Wang S S, Zakian V A
Fred Hutchinson Cancer Research Center, Seattle, Washington 98104.
Mol Cell Biol. 1990 Aug;10(8):4415-9. doi: 10.1128/mcb.10.8.4415-4419.1990.
By using T4 DNA polymerase rather than S1 or Bal31 nuclease to clone yeast telomeres, very little telomeric DNA is lost. These clones were used to determine the DNA sequence of virtually the entire telomeric tract. Our results demonstrated that a slightly modified version, C2-3A(CA)1-6, of the consensus derived from sequence analysis of more-internal regions (J. Shampay, J. W. Szostak, and E. H. Blackburn, Nature [London] 310:154-157, 1984) extends to the very end of the chromosome. The sequence analysis also suggests that yeast telomeres consist of two domains: the proximal 120 to 150 base pairs, which appear to be protected from processes such as recombination, degradation, and elongation, and the distal portion of the telomere, which is more susceptible to these events.
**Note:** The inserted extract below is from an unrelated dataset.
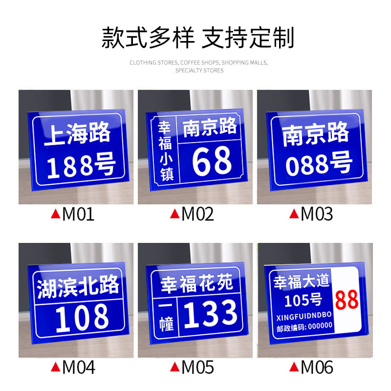 House number plate, door number, aluminum plate, reflective room number, home number, digital sign, custom-made street shop, custom-made building number plate, community unit, building-level indication, listing number, brand word customization

通过使用T4 DNA聚合酶而非S1或Bal31核酸酶来克隆酵母端粒,端粒DNA几乎没有丢失。这些克隆用于确定几乎整个端粒区域的DNA序列。我们的结果表明,从更多内部区域的序列分析得出的共有序列(J. 尚佩、J. W. 绍斯塔克和E. H. 布莱克本,《自然》[伦敦] 310:154 - 157,1984)的一个稍微修改的版本C2 - 3A(CA)1 - 6延伸到了染色体的最末端。序列分析还表明酵母端粒由两个结构域组成:近端的120至150个碱基对,似乎受到保护而免受诸如重组、降解和延伸等过程的影响;以及端粒的远端部分,它更容易受到这些事件的影响。